Pretty perplexed why node cannot do it, my last script I inserted 400,000+ rows (all had 3 nmap scripts run on them to confirm they had services running) within a 12 hour window. Whilst developing and running websites on the same machine.

You wont get blocked nor barred, there is nothing illegal about scanning the internet. Any web spider does this I am only looking for public services such as web servers and proxies. many popular web services offer this to users. I do not flood, I allow at least 1 second between each request.

[tomtom87]

I just want to take advantage of nodes async threaded abilities really.
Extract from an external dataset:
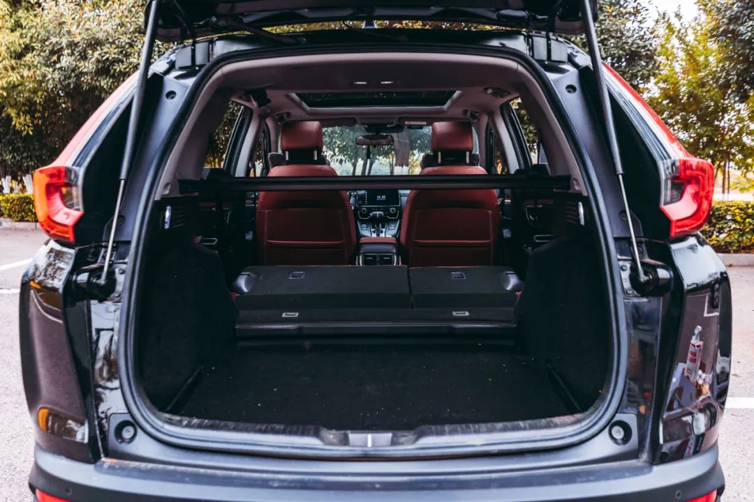 車內(nèi)的空間映入眼簾,寬敞兩個字足以形容,不需要多余的字眼,就是寬敞。前排的空間和視野很開闊,得益于SUV較高的底盤,駕駛視野對于行車更為安全。后排空間也是如此,以我自己舉例,身高176cm,膝蓋距離前排座椅兩拳多,即便坐的端正頭距離車頂也有一拳多空余,后排座椅可以放倒,進一步提高后備廂的可利用空間,哪怕是在車里睡一覺,這樣的空間也足夠,作為家用真的再合適不過了。

Imagining nmap threaded gives me goosebumps

[jas-]

You can always take a look at some of the available options; threshold and blocksize tuning may accommodate the limits.

[tomtom87]

Think im just gonna try hack on it an see what comes up still. Thanks for all the help!

On 26/10/2558 BE 8:49 p.m., Jason Gerfen wrote:

You can always take a look at some of the available options; |threshold| and |blocksize| tuning may accommodate the limits.
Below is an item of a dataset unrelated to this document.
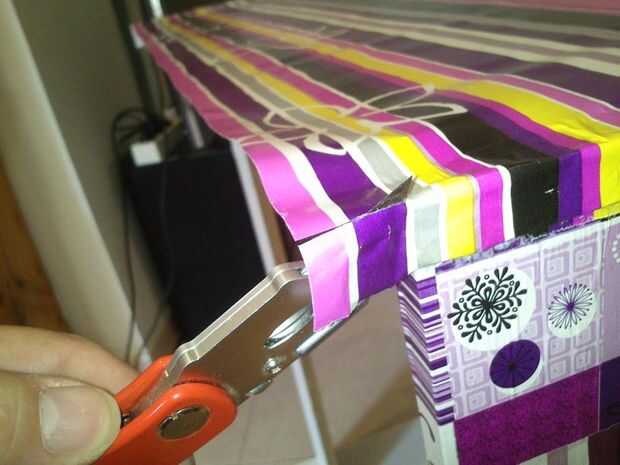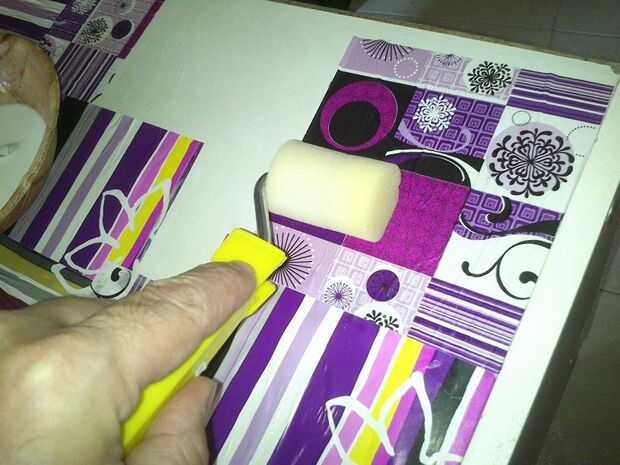 Después pegan un lado (laterales, superior o los cajones) para prevenir las arrugas sobre que he encontrado es una buena idea lo cepillo para arriba otra vez con una regla de pintura seca. Para ello es bueno no presione la regla demasiado, porque sólo se necesita para ocultar un poco las arrugas, y si presiona demasiado, puede romper el papel...

— Reply to this email directly or view it on GitHub https://github.com/jas-/node-libnmap/issues/25#issuecomment-151138895.

Tom Whitbread Gript.co.uk

[jas-]

@tomtom87 Because the error showed up with the netmask module I would start there. I just took a look at their test cases and couldn't find any calculations for the whole IPv4 address space being tested.

[jas-]

Nevermind, it parses the larger range fine. My assumption is that because the nmap process is blocking (non-async) and this module currently does not output reports as scan ranges complete (it uses async.parallelLimit() and aggregates the reports) it will always run into limitations due to system resources.

[tomtom87]

@jas- very helpful thanks. I've managed to tinker a bit and can get it working with xml output that would then need to be piped. Found some CIDR libraries also that might come into use. Ideally if you want to scan a country for proxies for example... a very useful tool this could become!

[jas-]

Can you provide the options your using or are you writing something custom that wouldn't be applicable to a pull request?

[tomtom87]

@jas- Sorry this is custom now, but if I can get it working within the paradigm of the module I will definitely like to make a pull req!!

[jas-]

Ok I am closing this as you are building a one-off solution for your own needs. Thanks for reporting this.

[tomtom87]

@jas- thanks man. I will try to stay in touch as I really like this module and you are very helpful

[jas-]

@tomtom87 No worries, if you do create a pull request try to follow the contributing guide.

[smarttang]

how to return result?

[jas-]

@smarttang please open a need issue. This one is closed.